The USDA is scheduled to issue today its first acreage estimates of the 2007-08 winter wheat crop, to be harvested in the spring of 2007 and marketed over the following year.
The average estimate among analysts surveyed by Reuters for US winter wheat plantings was 44.1 million acres, up about 9 percent from year-ago seedings of 40.6 million acres.
Farmers seeded the bulk of the winter crop in September and October, when the CBOT wheat futures rose in response to a drawdown in world wheat stocks and a major drought in Australia, the world's no. 3 exporter.

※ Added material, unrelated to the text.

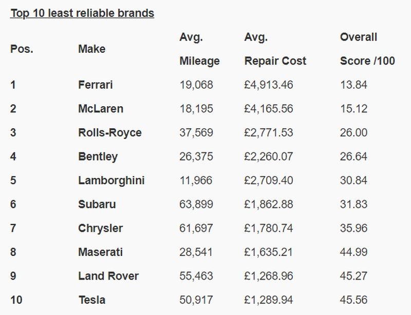 Čeprav bi v skladu z 'miti, bajkami in legendami', ki veljajo pri nas na Balkanu, pričakovali, da se bodo na lestvici najmanj zanesljivih modelov avtomobilov znašli predvsem štirikolesniki italijanskih in francoskih znamk, se motite, ker so jo tudi tokrat okupirali predvsem predstavniki nemških, britanskih, ameriških in celo en predstavnik japonskih avtomobilskih znamk (Mazda), ki so sicer znane po zelo zanesljivih serijskih modelih. Tega očitno ne moremo več reči za znamko Subaru, ker se je tokrat uvrstila na 'sramotilni steber' z imeni desetih, splošno najbolj pokvarljivih avtomobilskih znamk, kjer sicer kraljuje znamka Ferrari, takoj za petami ji je v tem pogledu znamka McLaren, pokvarljivi 'Trio Fantastikus' pa v tem primeru dopolnjuje znamka Rolls-Royce. V pogledu odlične zanesljivosti znamk pa znova ni presenečenj, ker prva štiri mesta zasedajo japonske avtomobilske znamke (Honda, Lexus, Toyota in Suzuki). Veliko večje presenečenje je peto mesto znamke Dacia, sploh ob primerjavi s sorodstvom (Renault), ki je sicer tudi na lestvici do uporabnika 'zelo prijaznih' znamk, vendar je tokrat pristala šele na desetem mestu.
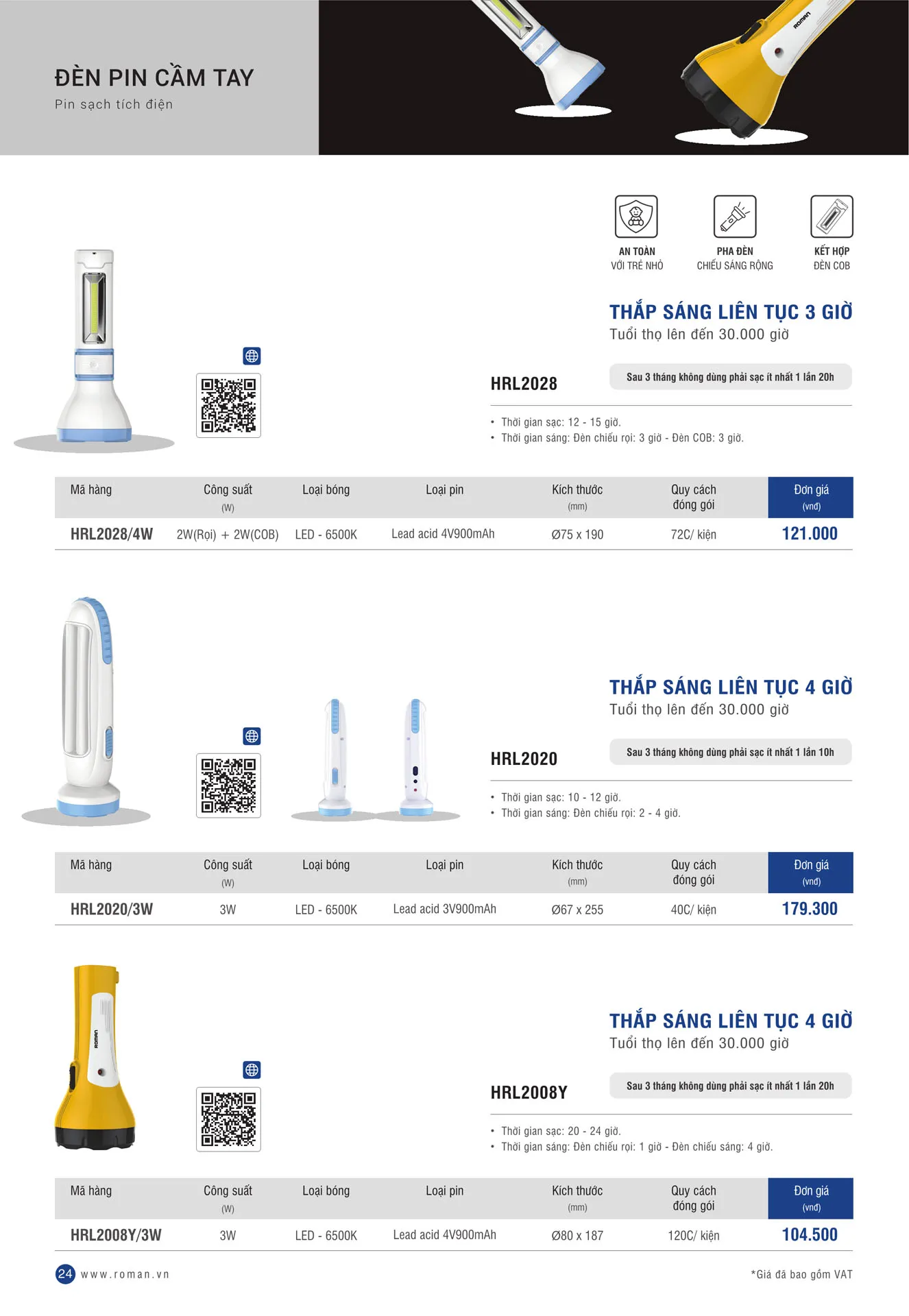 Đèn pin LED Roman HRL2020/3W chất lượng tốt, đồ bền lâu, chiếu sáng thời gian dài, giá cả phải chăng, là thiết bị gia dụng được nhiều khách hàng lựa chọn.

Some US growers forward-sold a portion of their 2007 crop as CBOT wheat futures for July 2007 delivery climbed above US$4.50 a bushel, eventually reaching a contract high of US$5.09 on Nov 27.
In addition to the acreage forecast, the USDA would also update its estimate of old-crop wheat ending stocks for 2006-07, and report on Dec 1 grain stocks.
Analysts expected the government to raise its estimate of 2006-07 US wheat ending stocks to 458 million bushels, up from 438 million in December. The increase reflects poor export demand for US wheat, despite crop shortfalls in the Southern Hemisphere due to drought.
The average trade estimate of US wheat stocks held by farmers and commercial grain firms as of Dec 1, 2006, was 1.315 billion bushels, down from 1.429 billion a year ago.